▶ _Brief_: The lines to print run from the top of the material below to the line with "Clan Currie Hahn", inclusive; please copy them exactly, without pictures.
⁂
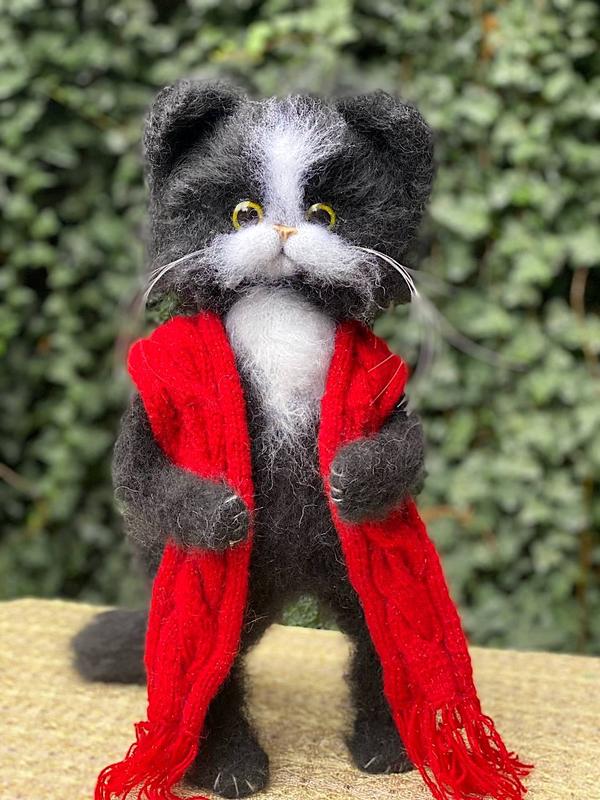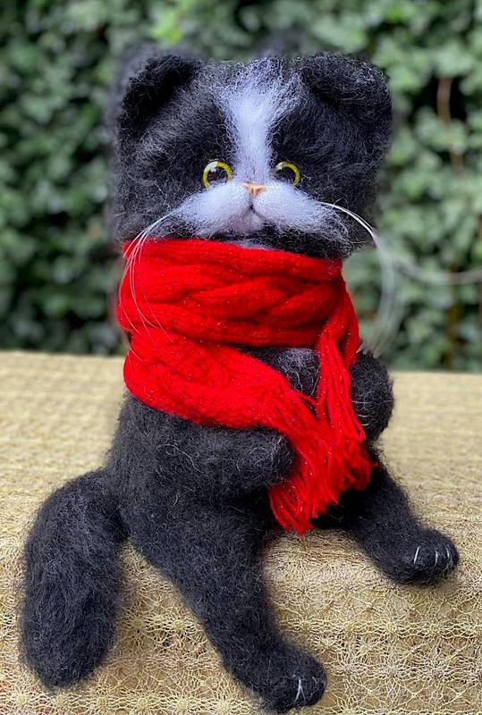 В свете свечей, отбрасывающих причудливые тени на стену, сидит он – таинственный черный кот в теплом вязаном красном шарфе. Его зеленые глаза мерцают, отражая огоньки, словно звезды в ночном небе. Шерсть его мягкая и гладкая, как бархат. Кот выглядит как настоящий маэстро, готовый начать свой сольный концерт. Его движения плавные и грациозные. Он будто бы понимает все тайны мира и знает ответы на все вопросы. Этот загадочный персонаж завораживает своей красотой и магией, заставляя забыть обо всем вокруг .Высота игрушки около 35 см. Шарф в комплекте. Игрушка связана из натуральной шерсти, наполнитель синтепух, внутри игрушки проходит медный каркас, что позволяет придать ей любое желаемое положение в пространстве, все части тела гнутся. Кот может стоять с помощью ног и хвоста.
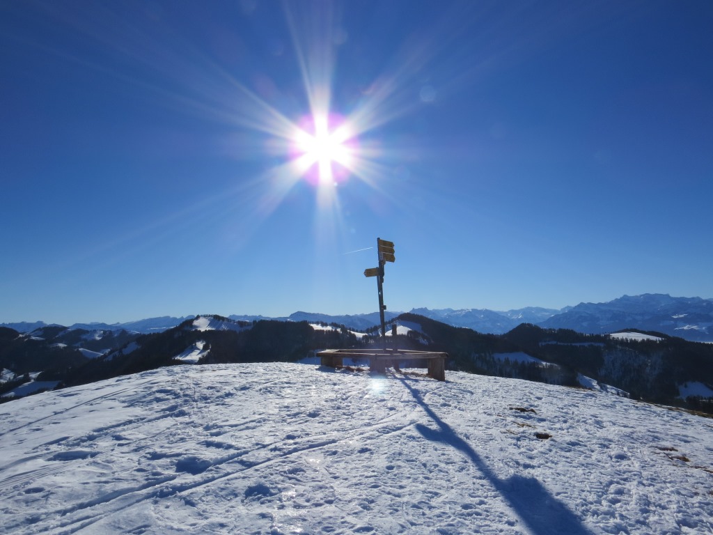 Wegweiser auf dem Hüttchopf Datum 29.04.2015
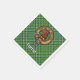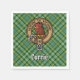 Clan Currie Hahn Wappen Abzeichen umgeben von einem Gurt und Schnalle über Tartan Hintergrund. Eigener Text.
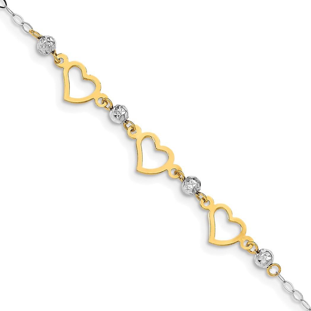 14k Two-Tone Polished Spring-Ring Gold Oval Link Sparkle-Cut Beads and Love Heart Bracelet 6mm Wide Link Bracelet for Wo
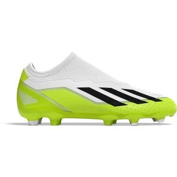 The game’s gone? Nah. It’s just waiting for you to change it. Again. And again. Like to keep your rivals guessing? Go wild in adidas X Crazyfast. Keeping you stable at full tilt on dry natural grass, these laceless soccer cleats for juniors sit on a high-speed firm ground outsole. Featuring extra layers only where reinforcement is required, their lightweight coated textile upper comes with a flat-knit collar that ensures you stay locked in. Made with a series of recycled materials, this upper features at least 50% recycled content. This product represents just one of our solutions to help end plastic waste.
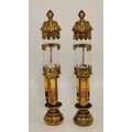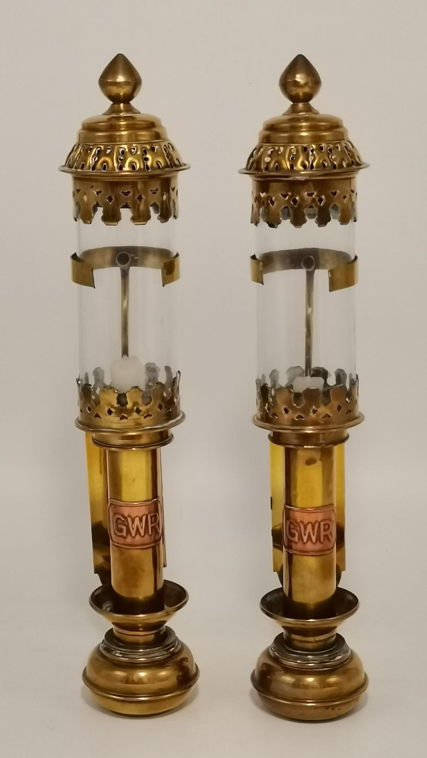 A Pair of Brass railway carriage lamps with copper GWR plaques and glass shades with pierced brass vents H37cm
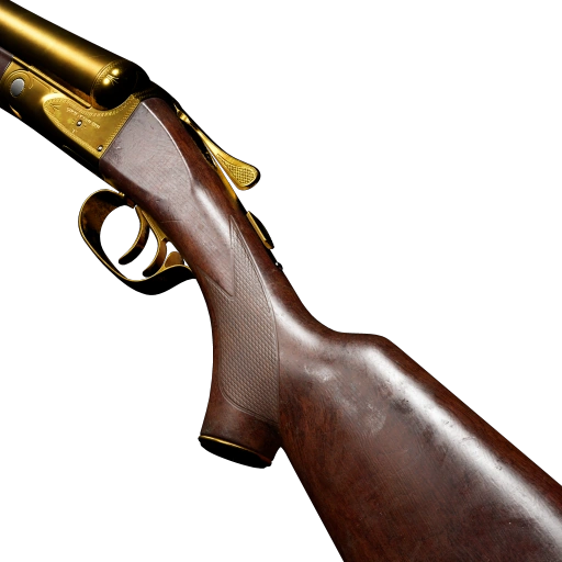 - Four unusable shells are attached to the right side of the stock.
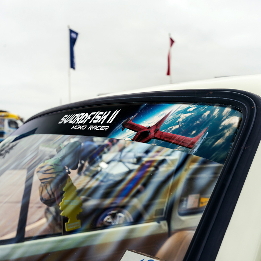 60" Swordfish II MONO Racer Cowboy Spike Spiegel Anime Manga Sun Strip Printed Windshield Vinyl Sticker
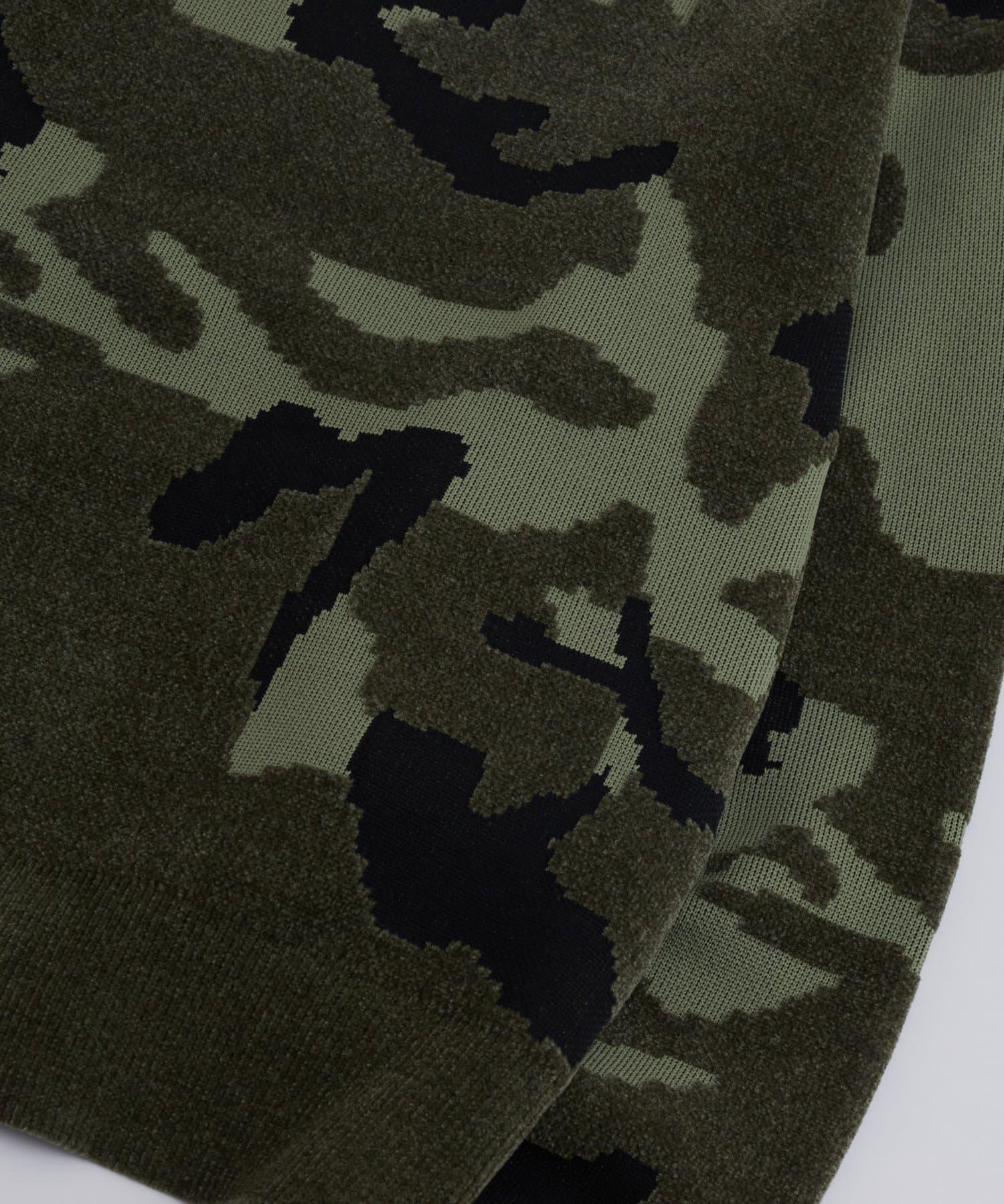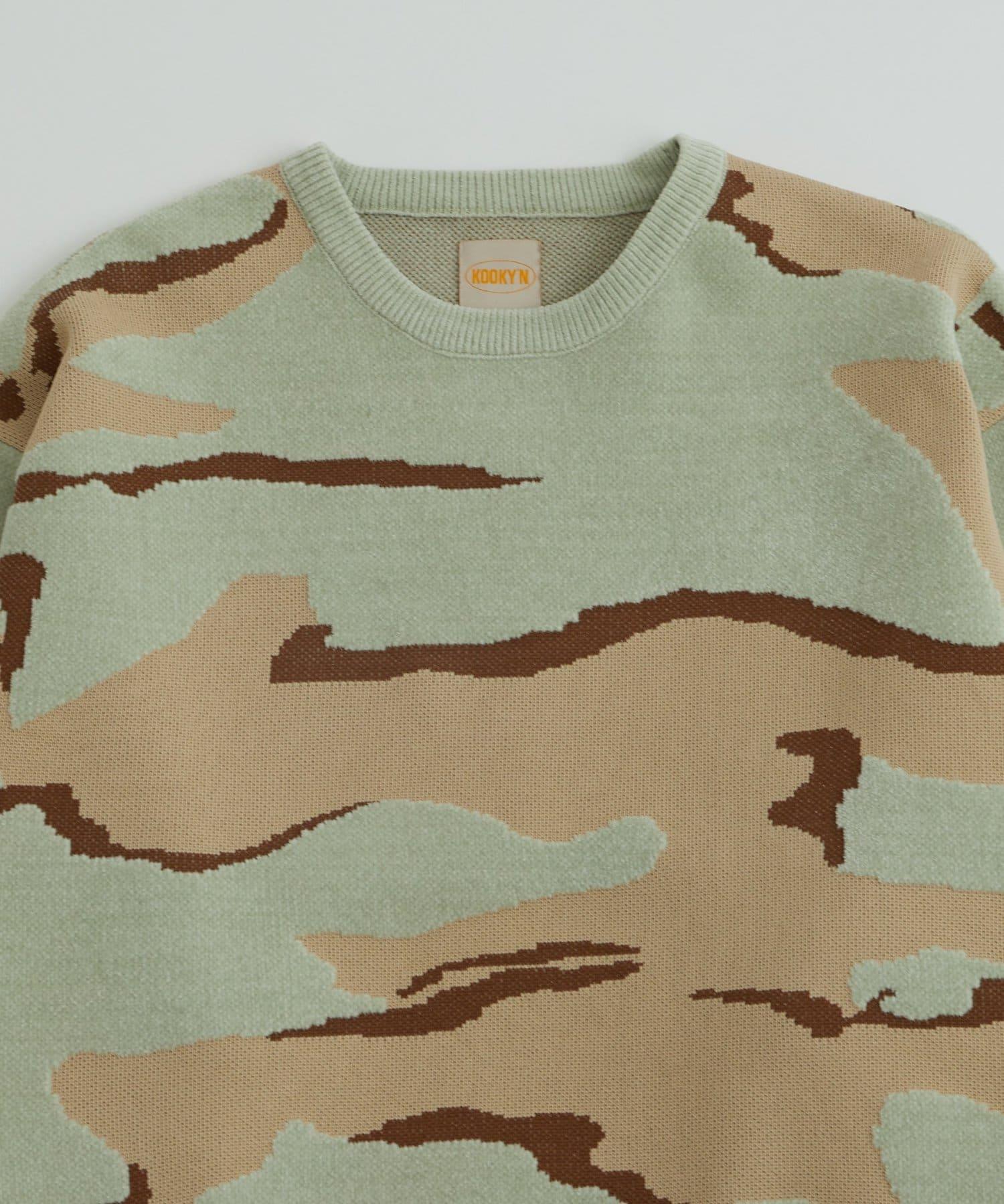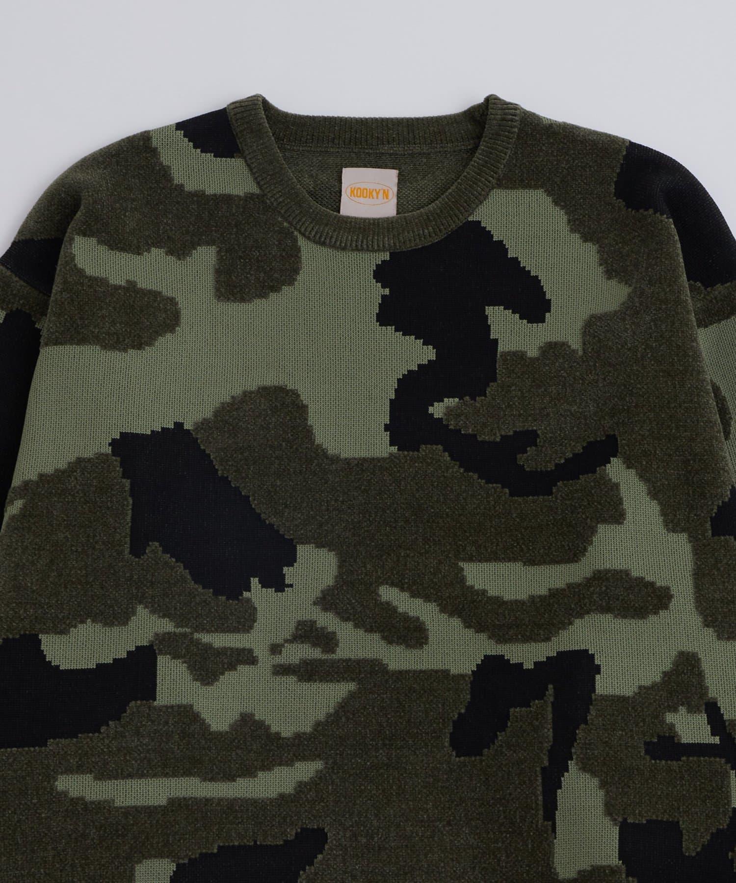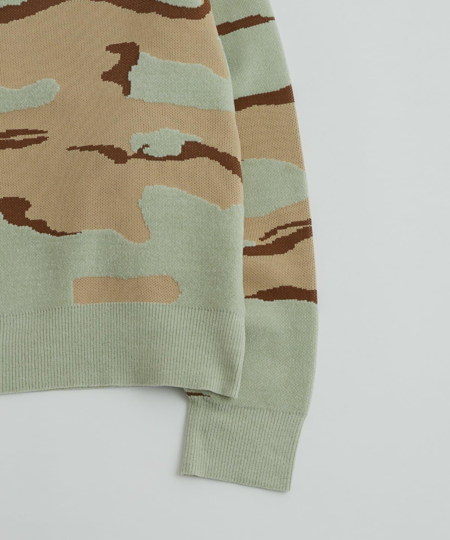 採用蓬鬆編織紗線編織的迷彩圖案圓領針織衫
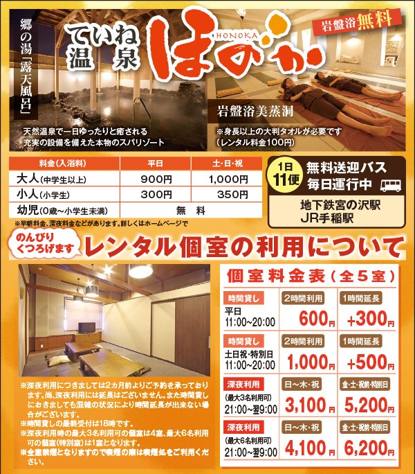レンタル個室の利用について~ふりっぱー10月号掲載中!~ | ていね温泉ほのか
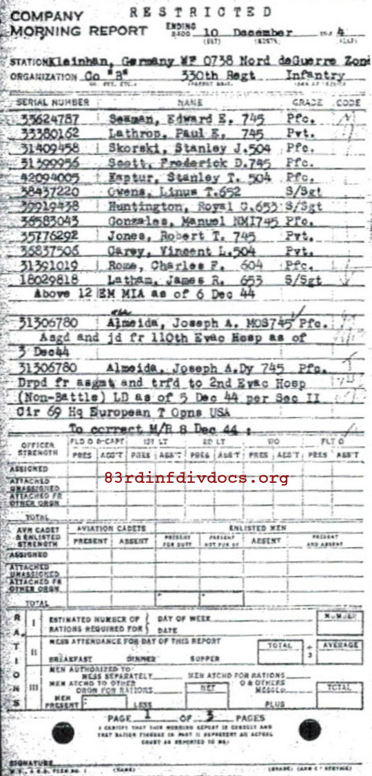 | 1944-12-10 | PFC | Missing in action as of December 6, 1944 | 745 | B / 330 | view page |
⁂
▶ _Task response_:
 В свете свечей, отбрасывающих причудливые тени на стену, сидит он – таинственный черный кот в теплом вязаном красном шарфе. Его зеленые глаза мерцают, отражая огоньки, словно звезды в ночном небе. Шерсть его мягкая и гладкая, как бархат. Кот выглядит как настоящий маэстро, готовый начать свой сольный концерт. Его движения плавные и грациозные. Он будто бы понимает все тайны мира и знает ответы на все вопросы. Этот загадочный персонаж завораживает своей красотой и магией, заставляя забыть обо всем вокруг .Высота игрушки около 35 см. Шарф в комплекте. Игрушка связана из натуральной шерсти, наполнитель синтепух, внутри игрушки проходит медный каркас, что позволяет придать ей любое желаемое положение в пространстве, все части тела гнутся. Кот может стоять с помощью ног и хвоста.
 Wegweiser auf dem Hüttchopf Datum 29.04.2015
 Clan Currie Hahn Wappen Abzeichen umgeben von einem Gurt und Schnalle über Tartan Hintergrund. Eigener Text.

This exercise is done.